In Cody Powell lore, this weekend will come to be known as the Weekend of Intrigue and Scarification. What started with a completely terrifying phone call received Friday morning at 1 AM just wouldn't quit until I was given a cursory overview of a variety of horrifying deaths (drowning, lightening strike, rabid raccoon attack), courtesy of the Guadalupe River. To clarify that last bit, my comrades and I decided to go tubing on the Guadalupe River on Saturday. It turned out to be far more exciting than we planned, as the date fell exactly during the 1 day long monsoon season of Central Texas. There was so much water by the end of the day, I seriously considered hauling buns to the forest and creating an ark from tree branches tried together with the draw string from my bathing suit. That would've been splinter city though, so I abandoned it after an initial set of blueprints.

The best part of the entire trip was the bus ride at the end back to the place we had parked. We were wet, drunk, and in high spirits. As I sat there, waiting for us to leave, reflecting on the day of great excitement, I could've sworn that everyone around me was talking excitedly about raccoons.
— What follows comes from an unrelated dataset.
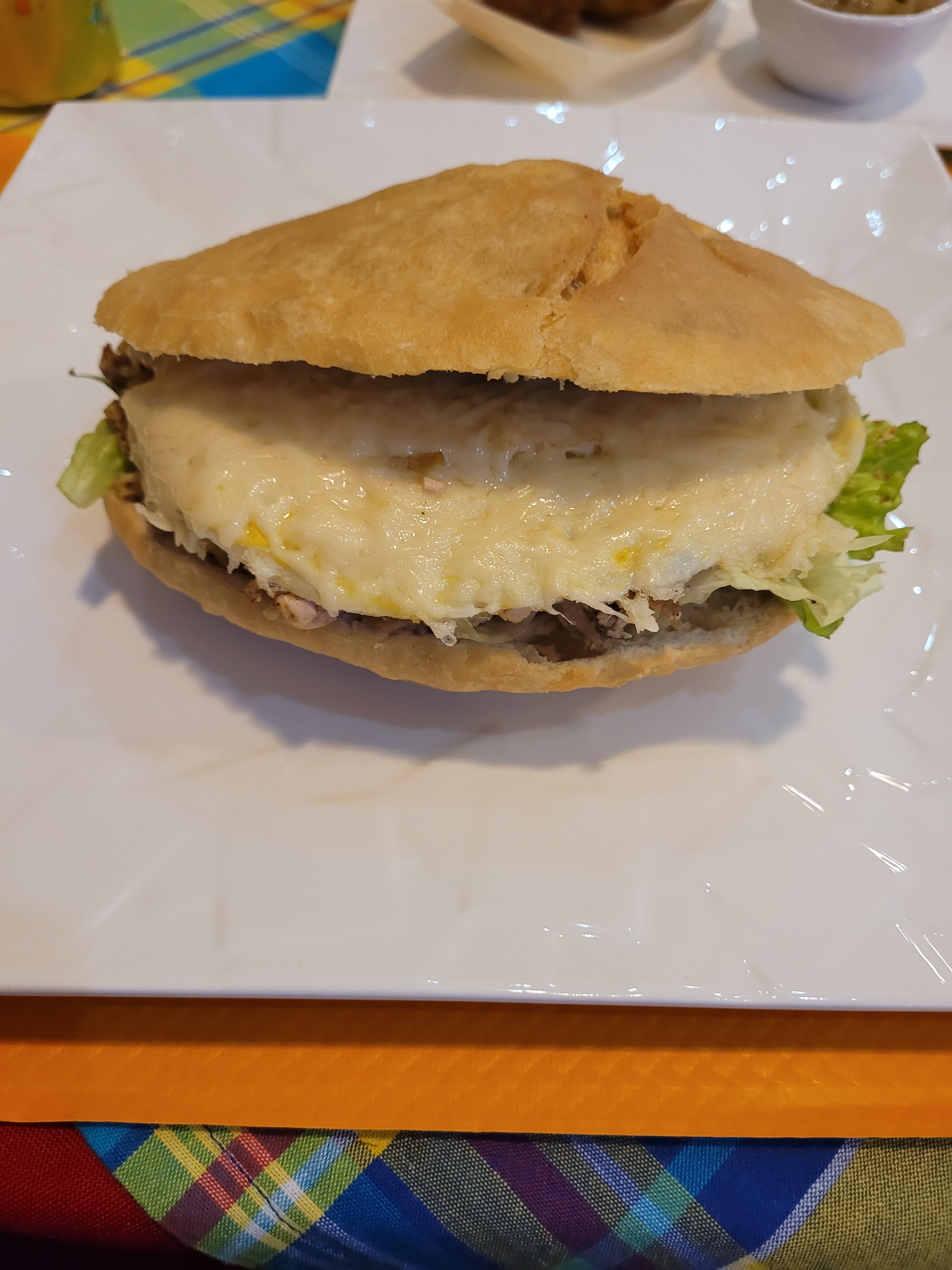 Un accueil très chaleureux digne des Antilles. Nous avons eu vraiment l’impression d’être au pays pendant une court instant ☺️ le bokit complet boucané est juste délicieux, c’est copieux aux point que je n’ai même pas pu le finir et en accompagnement frite de patate douce 🍠 Je recommande vivement si vous voulez faire escale aux Antilles.

I too am fascinated by the raccoon, but I usually keep it to myself. After a few minutes of confused questioning put to those around me, I deduced that someone in our midst had brought a raccoon onto the bus. I'm as much a fan of rascalism as the next guy, but I draw the line at kidnapping woodland creatures and forcing them into confined spaces with lots of loud drunkards. That'd be hilarious if it were a subplot in Meatballs 4, but it becomes slightly more frightening when it's playing out in real life, a few feet from your genital region.

Anyway, shortly after we pulled away from the river, one of the guys sitting with the raccoon stood up and yelled, "Who here has a buzz?" Much hooting and hollering followed. After it had died down, I raised up and bellowed, "Who here's got a raccoon?" If some members of the bus didn't know what I was talking about, they certainly didn't show it, because the response was deafening. It's always nice to know that when I get fired for gross incompetence, I can make a living as the MC on the bus that goes between the river and the parking lot.